Future: Metadata Updates

Current State: No update mechanism (one-time import on setup)

Future Consideration:

When metadata package updates are implemented:

  1. Check for updates: Query GitHub releases API for new version
  2. Compare versions: Check against data_version_v2.data_version
  3. Download delta or full: Decide on update strategy
  4. Preserve user data: Don't delete library_shows or recent_shows
  5. Apply changes:
  6. INSERT new shows
  7. UPDATE changed shows (setlist corrections, etc.)
  8. DELETE removed shows (rare)
  9. Update data version: Update data_version_v2 record

Challenges: - Preserve user library if show IDs change - Handle show deletions gracefully - Delta updates vs full re-import trade-offs

Implementation Locations:

  • Android: DataImportService.kt:114, DownloadService.kt, ZipExtractionService.kt
  • iOS: TBD (similar service layer pattern)

Source 2: Archive.org APIs

What It Is

Live data fetched on-demand from Archive.org's public metadata API. This provides detailed recording information not stored in the local database: track lists, user reviews, and detailed metadata.

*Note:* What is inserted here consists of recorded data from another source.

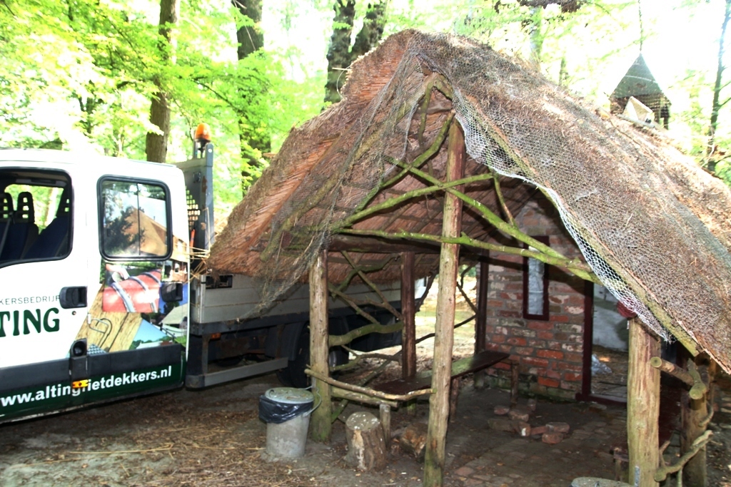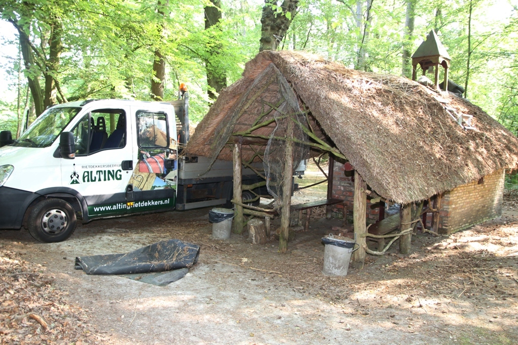 Dinsdagmorgen ging rietdekkersbedrijf Alting in Veenklooster van start met een bijzondere klus. Zelf noemen ze het hun kleinste project van dit jaar. Het opnieuw van riet voorzien van het heremiet-huisje in het bos van Veenklooster. Het bouwwerk is eigendom van Kyra Livia baronesse van Harinxma thoe Slooten.
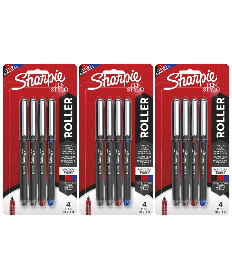 Experience a high-performance roller pen with the Sharpie Roller. This rollerball pen delivers bold ink for always vivid writing. Engineered for precision, the Sharpie pen features a needle point tip. Its premium metal clip provides a professional finish, while the translucent grip helps you quickly identify the ink color. Whether for home, office, or school, the Sharpie Roller is perfect for those looking for a precise, smooth writing pen. Each pack includes 4 pens. Sold as 3 packs for a total of 12 pens.
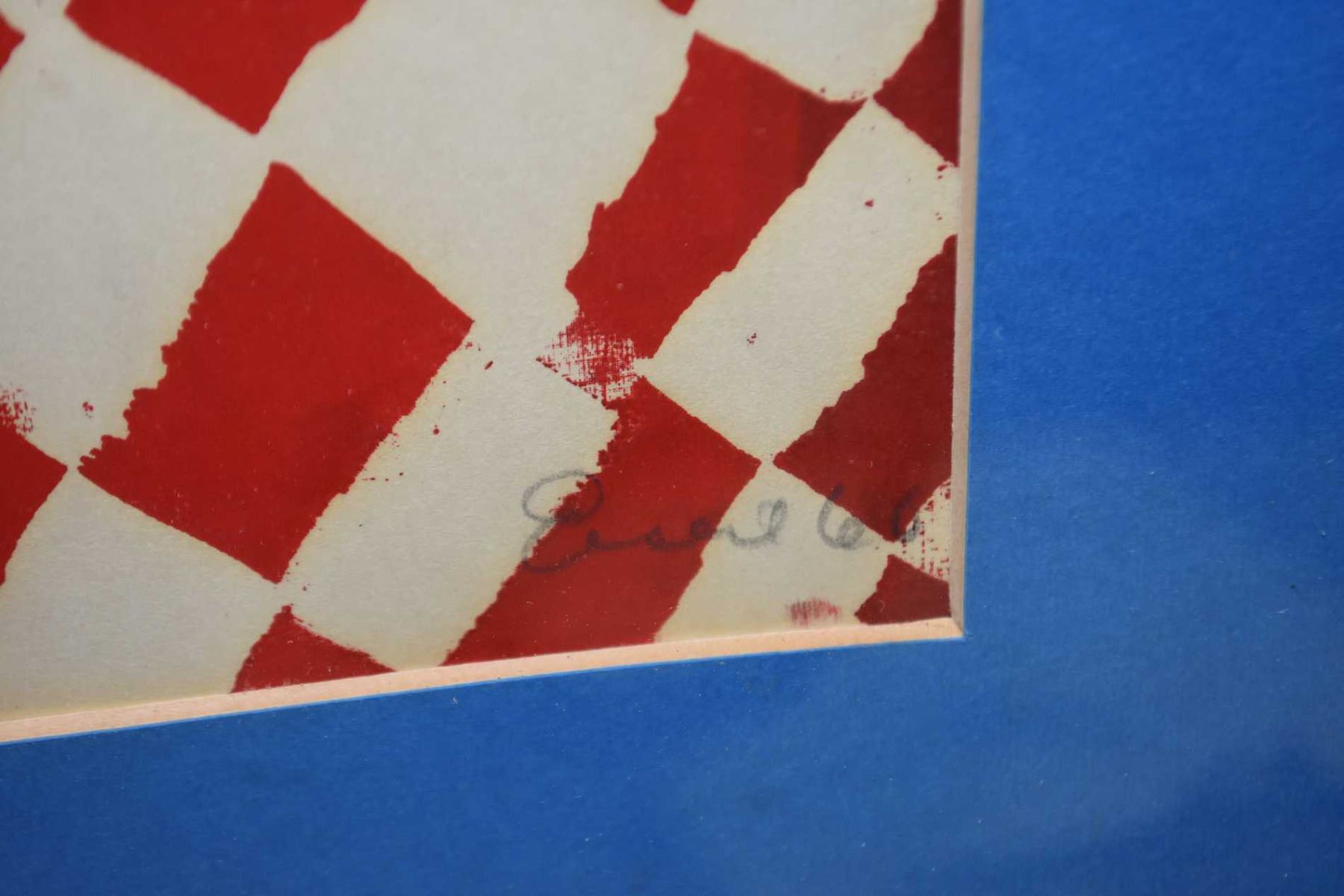 Two framed block prints including three colour kitchen graphic and a three colour desk graphic, both pencil signed by artist Eisert and both 24" X 19"

Why Not in Database: See Design Philosophy - Two-Tier Architecture

API Endpoint

GET https://archive.org/metadata/{recordingId}

Example:

https://archive.org/metadata/gd1977-05-08.sbd.miller.97065.flac16

Returns comprehensive JSON with: - Full track list (all formats: MP3, FLAC, Ogg Vorbis, etc.) - User reviews with ratings and text - Detailed metadata (uploader, collection, dates, etc.) - File information (sizes, checksums, formats)

Data Extracted

From the API response, we extract:

Tracks:

data class Track(
    val name: String,        // "gd77-05-08d1t01.mp3"
    val title: String?,      // "New Minglewood Blues"
    val duration: String?,   // "05:21"
    val format: String       // "VBR MP3"
)

Reviews:

data class Review(
    val reviewer: String?,   // "deadhead42"
    val rating: Int?,        // 5 (stars)
    val body: String?,       // Review text
    val reviewDate: String?  // "2015-05-08"
)

Recording Metadata:

data class RecordingMetadata(
    val identifier: String,
    val title: String?,
    val description: String?,
    val uploader: String?,
    val publicDate: String?,
    val addedDate: String?
)

Filesystem Cache

Why Filesystem: - Large payloads (~5-20KB per recording) - Short TTL (24 hours) - Ephemeral nature (can be deleted anytime) - OS handles cleanup automatically

Cache Structure:

<app_cache_dir>/
  archive/
    {recordingId}.metadata.json
    {recordingId}.tracks.json
    {recordingId}.reviews.json

Example:

/cache/
  archive/
    gd1977-05-08.sbd.miller.97065.flac16.metadata.json
    gd1977-05-08.sbd.miller.97065.flac16.tracks.json
    gd1977-05-08.sbd.miller.97065.flac16.reviews.json

File Format: Plain JSON (kotlinx.serialization format)

// tracks.json
[
  {
    "name": "gd77-05-08d1t01.mp3",
    "title": "New Minglewood Blues",
    "duration": "05:21",
    "format": "VBR MP3"
  }
]

Cache Flow

User opens show detail page
  ↓
User selects a recording
  ↓
App requests tracks for recording
  ↓
ArchiveService.getRecordingTracks(recordingId)
  ↓
1. Check cache file exists
   - Path: cache/archive/{recordingId}.tracks.json
  ↓
2. Check cache not expired
   - Read file.lastModified()
   - Expired if: now - lastModified > 24 hours
  ↓
3a. CACHE HIT (file exists, not expired)
    - Read JSON from file (~10ms)
    - Deserialize to List<Track>
    - Return to UI
  ↓
3b. CACHE MISS (no file or expired)
    - Fetch from Archive.org API (~500-2000ms)
    - Parse API response
    - Extract tracks
    - Serialize to JSON
    - Write to cache file
    - Return to UI
  ↓
UI displays track list

Cache Expiry Logic

private fun isCacheExpired(timestamp: Long): Boolean {
    val expiryTime = timestamp + (24 * 60 * 60 * 1000L)  // 24 hours
    return System.currentTimeMillis() > expiryTime
}

Why 24 Hours: - Balances freshness with API load - Archive.org data rarely changes for old shows - User typically views a show once per session - Cached data likely still valid on next session

Error Handling

API Failure (network error, timeout, 500 error):

return Result.failure(Exception("API error: ${response.code()}"))
- UI shows error state - User can retry - No cache fallback (stale data worse than error)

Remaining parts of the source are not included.